1. A computer-implemented method of generating base calls by a base caller, comprising:

receiving a plurality of sensor data from a flow cell, wherein the plurality of sensor data is within a first range;
identifying a second range, such that at least a threshold percentage of the plurality of sensor data are within the second range;
mapping at least a subset of the plurality of sensor data, that are within the second range, to a third range, thereby generating a plurality of normalized sensor data; and
processing the plurality of normalized sensor data in a base caller, to call, for the plurality of normalized sensor data, one or more corresponding bases.

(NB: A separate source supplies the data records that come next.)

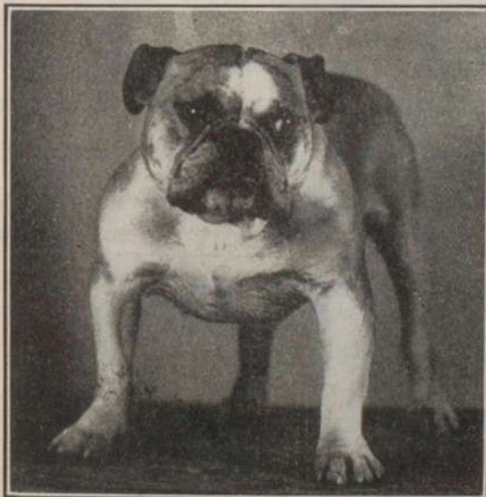
CLEVELOCK UNITY (C.K.C. 22873)

The well known, imported English Winning Bulldog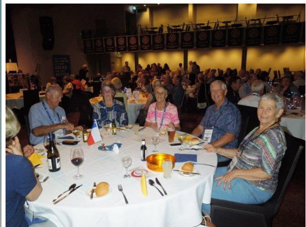
Southport dines at Lismore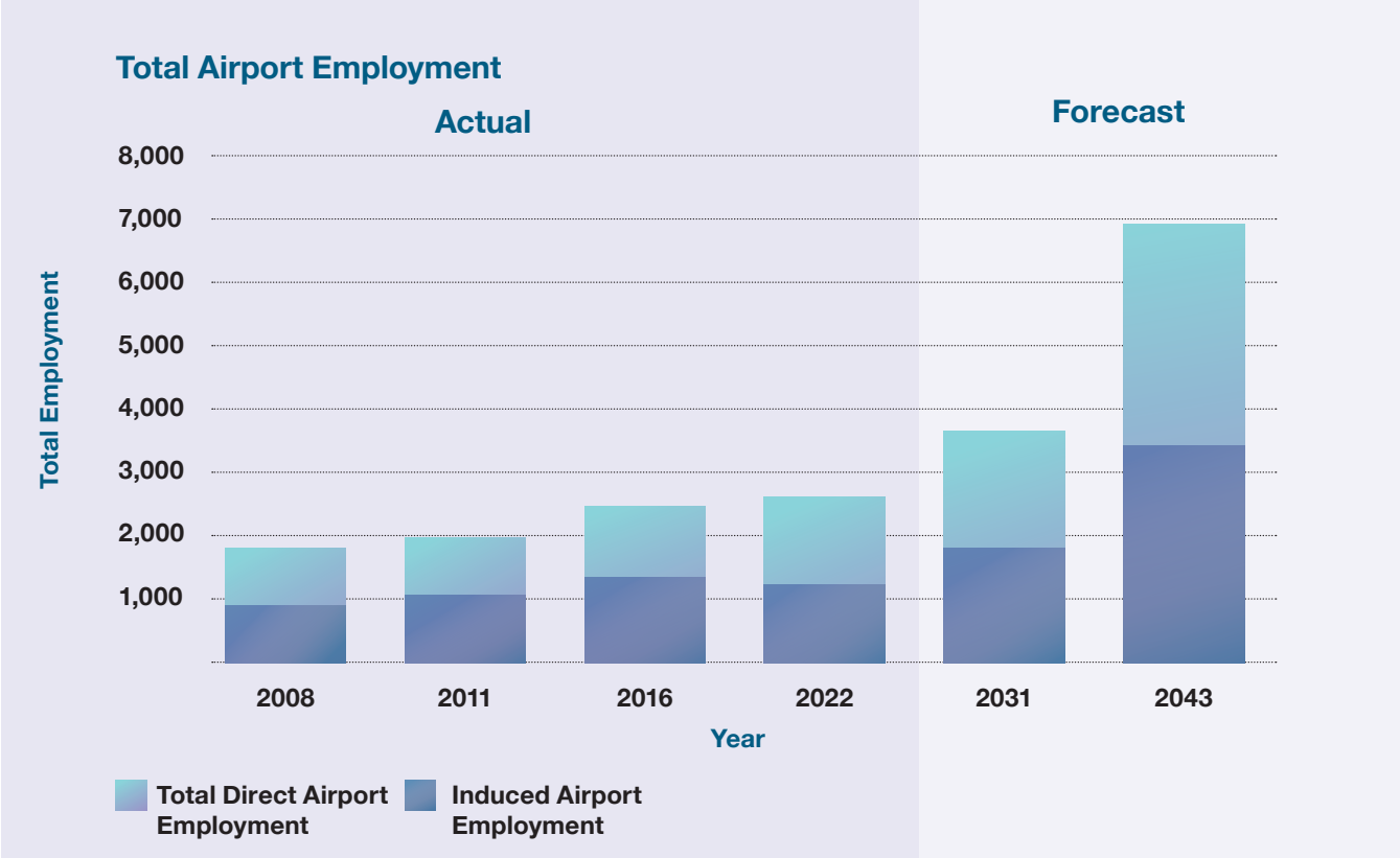
Figure 3.2: Actual and expected case forecast totalemployment 2008 – 2043: Source: Hudson Howell.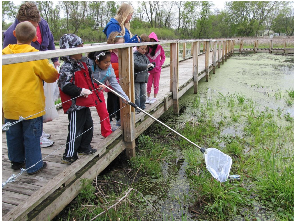
CLC Waterpark Green Team Wetland Walk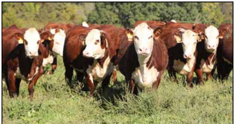
GROUP OF BRED HEIFERS

Purchased by Barnes Herefords in the 2021 Hereford Night Sale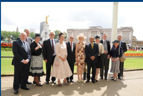
Employers at previous Royal Garden Party

Three employers from Chesterfield, Derby and Matlock have been invited to attend a Royal Garden Party this May, after demonstrating their support for the Reserve Forces.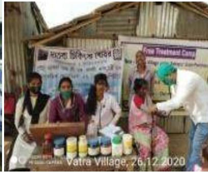
FREE MEDICAL CAMP: 26.12.20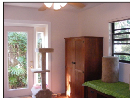
This bedroom enjoys a French door leading outside.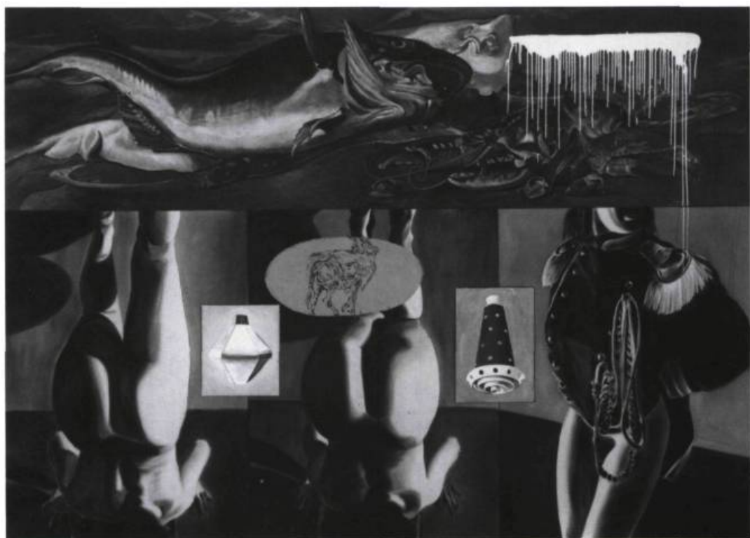
David Salle, Epaulettes for Walt Kuhn , 1987. Acrylic, oil on canvas, linen; 96 x 133 1/2 in.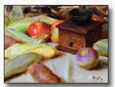
Daniel Keys Antique Coffee Grinder DDK2 • 3h 30m • $85*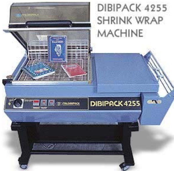
DIBIPACK 4255 SHRINK WRAP MACHINE

This one step shrink and seal system offers a 6-8 package per minute speed, and a packaging size up to 16.5" x 21.5" and up to 12" tall. It also has a magnetic hood hold-down that increases packaging speed and efficiency.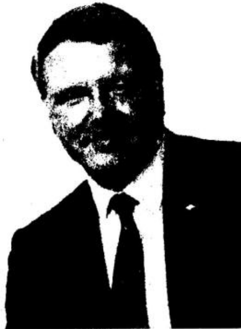
JAMES "BO" GRITZ

The Time is Now—Let's Take America Back From the "Republicrats" Who Have Brought Our Nation to the Brink of Ruin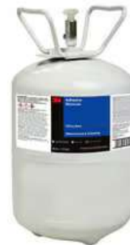
3M™ Adhesive Remover, Mini Cylinder, (Net Wt 8.5 lb), 1 Each/Case

2. The method of claim 1, wherein the second range is fully encompassed within the first range.

3. The method of claim 1, wherein one or more outlier sensor data within the first range are absent from the second range of sensor data.

4. The method of claim 1, wherein identifying the second range comprises:

identifying, within the first range, a low value, such that a lower threshold percentage of the plurality of sensor data have a value that is lower than the low value; and
identifying, within the first range, a high value, such that an upper threshold percentage of the plurality of sensor data have a value that is higher than the high value,
wherein the second range is defined by the low value and the high value.

5. The method of claim 4, wherein at least one of the lower threshold percentage or the upper threshold percentage is 0.5% or less.

6. The method of claim 4, wherein at least one of the lower threshold percentage or the upper threshold percentage is 1.0% or less.

7. The method of claim 4, wherein each of the lower threshold percentage and the upper threshold percentage is 0.5% or less.

8. The method of claim 4, wherein each of the lower threshold percentage and the upper threshold percentage is 1% or less.

9. The method of claim 4, further comprising:

identifying (i) a first outlier sensor data of the plurality of sensor data that is lower than the low value and (ii) a second outlier sensor data of the plurality of sensor data that is higher than the high value; and
prior to the mapping, assigning the low value to the first outlier sensor data, and assigning the high value to the second outlier sensor data, such that the first outlier sensor data and the second outlier sensor data are within the second range subsequent to the assignment.

10. The method of claim 4, further comprising:

identifying (i) a first outlier sensor data of the plurality of sensor data that is lower than the low value and (ii) a second outlier sensor data of the plurality of sensor data that is higher than the high value; and
excluding the first outlier sensor data and the second outlier sensor data from the subset of the plurality of sensor data during the mapping, for being outside the second range, such that the first outlier sensor data and the second outlier sensor data are not mapped to the third range.

11. The method of claim 1, wherein mapping at least a subset of the plurality of sensor data comprises:

mapping a first sensor data within the subset from a first value that is within the second range to a second value that is within the third range; and
mapping a second sensor data within the subset from a third value that is within the second range to a fourth value that is within the third range.

12. The method of claim 1, wherein at least a part of the second range is non-overlapping with the third range.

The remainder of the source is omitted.